The Tax Directorate proposes that employers from 2019 must report, prepay tax and pay for social security contributions on all tips received by employees. The consultation deadline for the proposal is on Wednesday.
– Employers can now refuse employees to receive tips, in order to reduce the cost of employer’s social security contributions. – Then the employees will experience a significant loss in income, says financial adviser in the HR company ‘Infotjenester’, Espen Øren, to NTB.
He points out that a waiter who has 230 working days a year, and on average receives NOK 500 in tips per shift, will lose NOK 115,000 in annual income if that is removed.
– In that case, it may result in employees requiring renegotiating of their wage terms, Øren points out.
More expensive for the companies
The core of the proposal is that tips should be treated on a par with regular salary. There has previously been not been the practice for an employer to report, deduct tax and pay employer’s social security when the waiters receive tips directly from customers.
If this is now made taxable, it means that the employer must not only deduct tax from the amount but also pay 14.1 per cent in employer’s fees.
– We are skeptical to impose employes to pay employer’s contributions on benefits that customers provide directly to employees. Tips are also given in cash, and this it is therefore difficult for the employer to follow up on, says Øren.

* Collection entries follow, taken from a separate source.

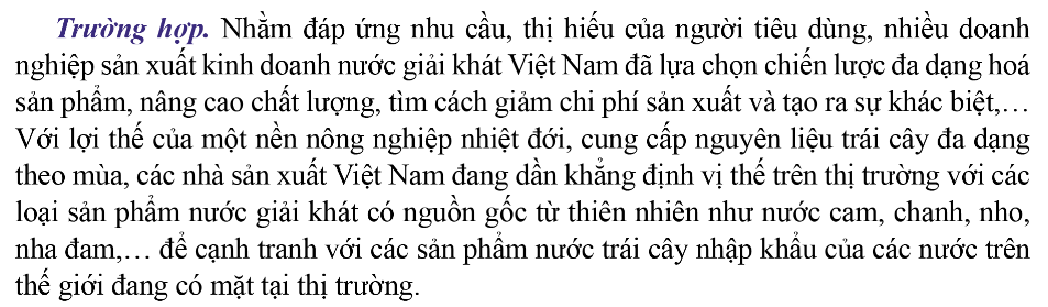 a. Đọc trường hợp và nêu được cách các doanh nghiệp sản xuất kinh doanh nước giải khát Việt Nam đã thực hiện để tạo ra sự khác biệt cho sản phẩm của mình.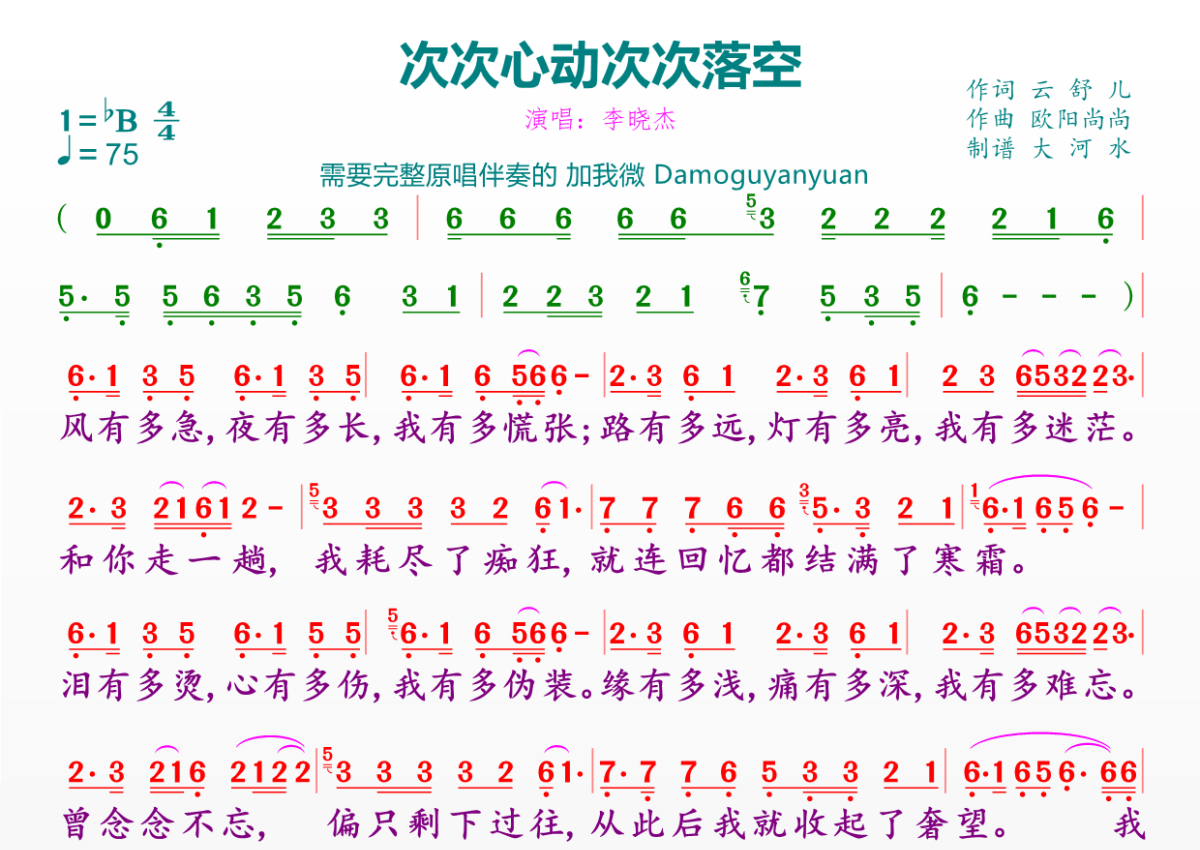 《次次心动次次落空》是李晓杰演唱的一首歌曲,拍号为4/4拍,歌曲速度为每分钟75拍,这份简谱共有一张高清图谱,图谱由 @临海雪原 编配上传。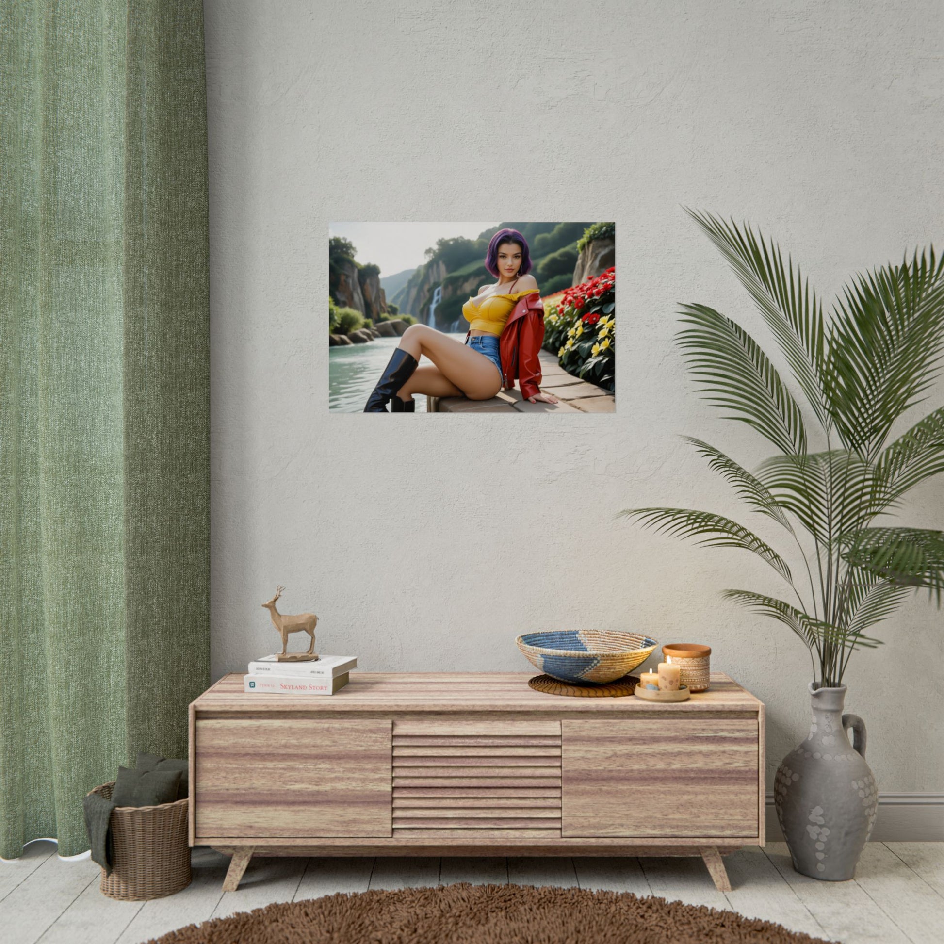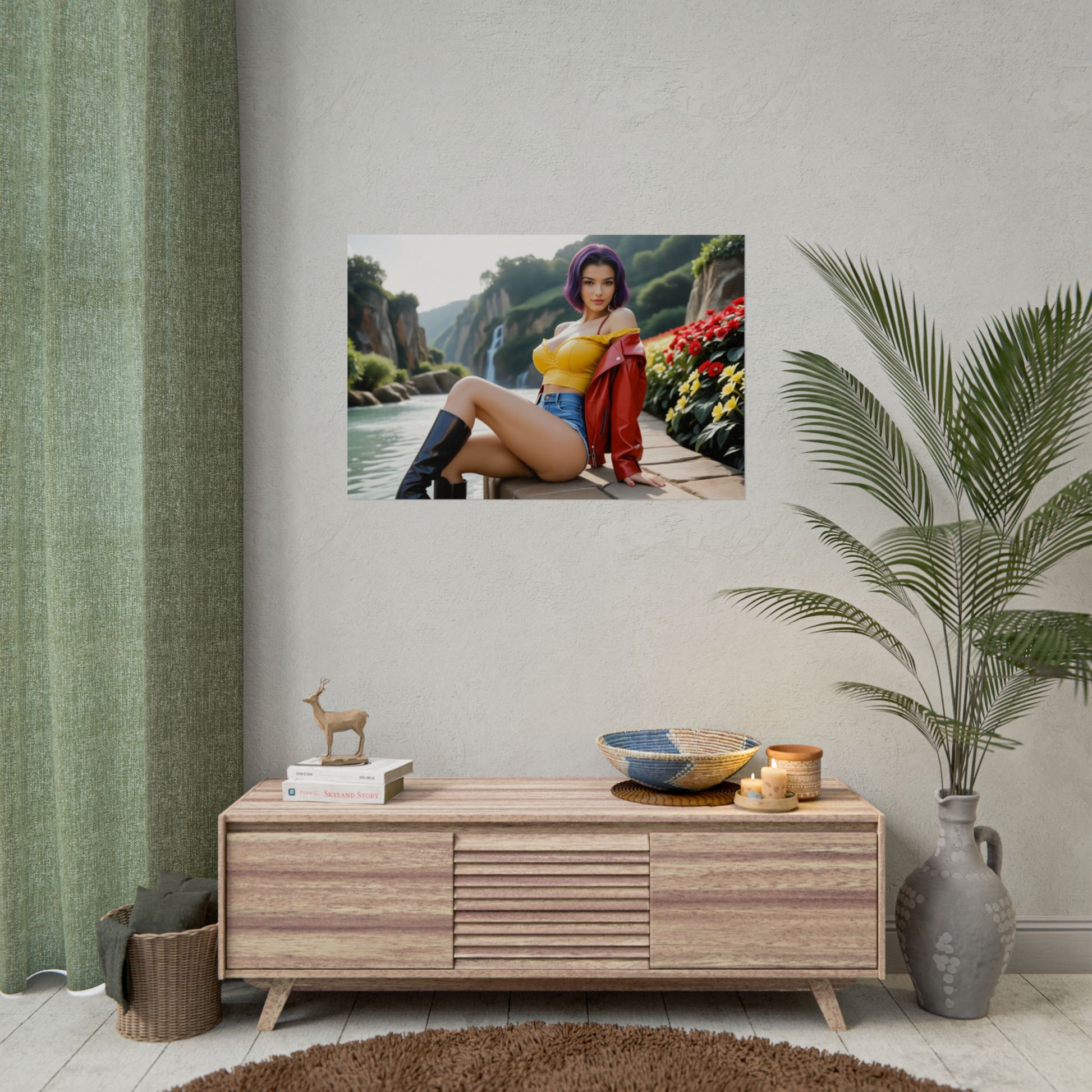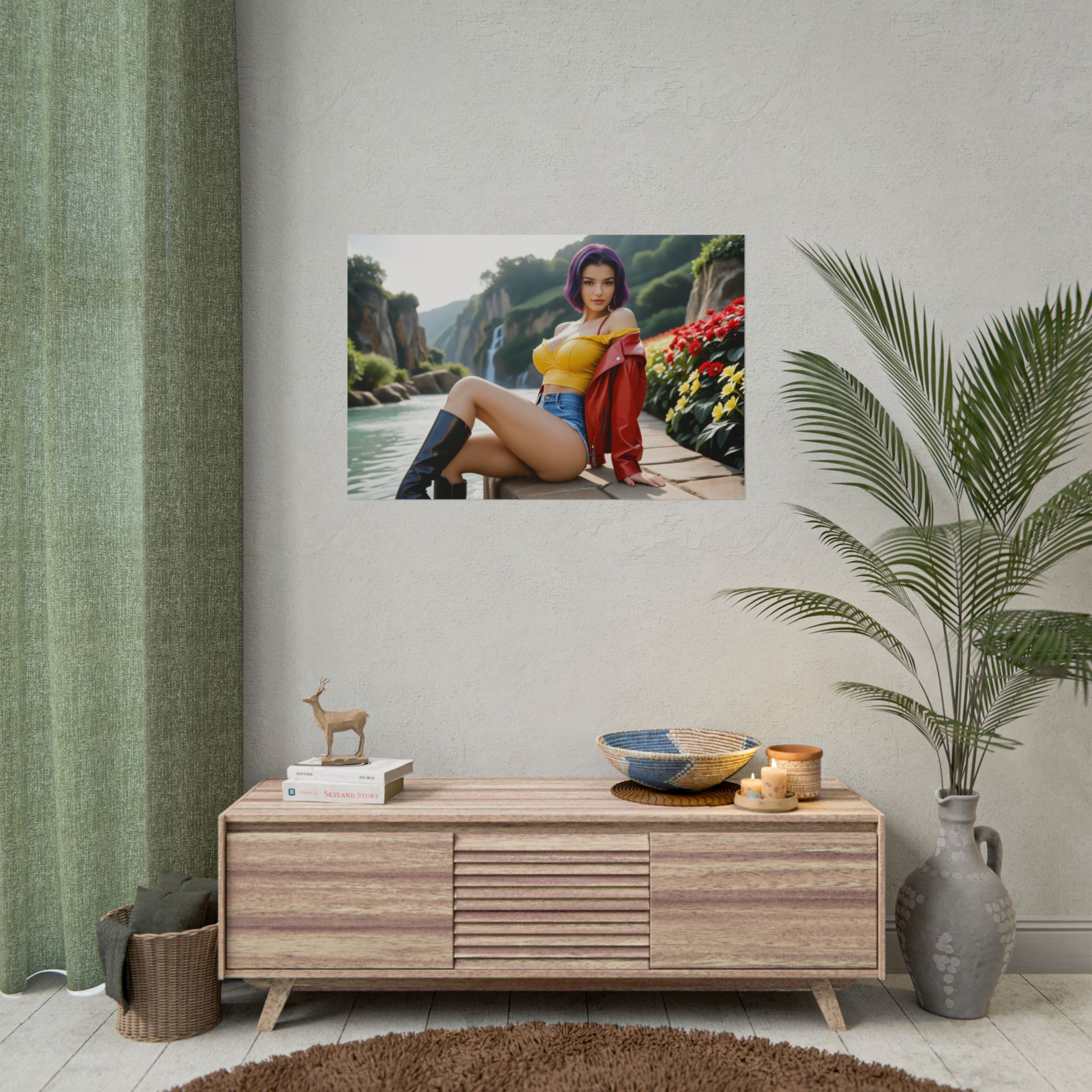 Dieser Druck fängt Fayes Balance aus Stil und Lässigkeit perfekt ein. Ihre selbstbewusste Haltung und die stimmungsvolle Farbpalette schaffen die Atmosphäre für einen außergewöhnlichen Raum im Anime-Stil.

In its consultation statement, Infotjenester has nevertheless concluded that it is appropriate to impose an employer’s obligation to pay the employer’s contribution on tips, to avoid too many exceptions to this obligation among other reasons.
Acknowledges losses
The Tax Directorate acknowledges that the proposal for total reporting of the gross amount that a tips constitutes will be less profitable for employers than within the current system.
– This because, with the changed rules, they have to pay social security contributions on the part that makes up the total remuneration received by the employees. This can lead to wage pressure, not in the least because the employees with total taxation in place will be left with less of the tips money than before, is stated.
But there can not be an argument against a new solution that “previously unaddressed funds are now being taxed, the directorate argues.
The Trade Unions (LO) supports the proposals from the Tax Directorate and writes in its consultation reply that “LO acknowledges that tips have always been taxable, but the practice of tax payments has been inadequate.”
The other affected Trade Union (Fellesforbundet) likewise supports the proposals.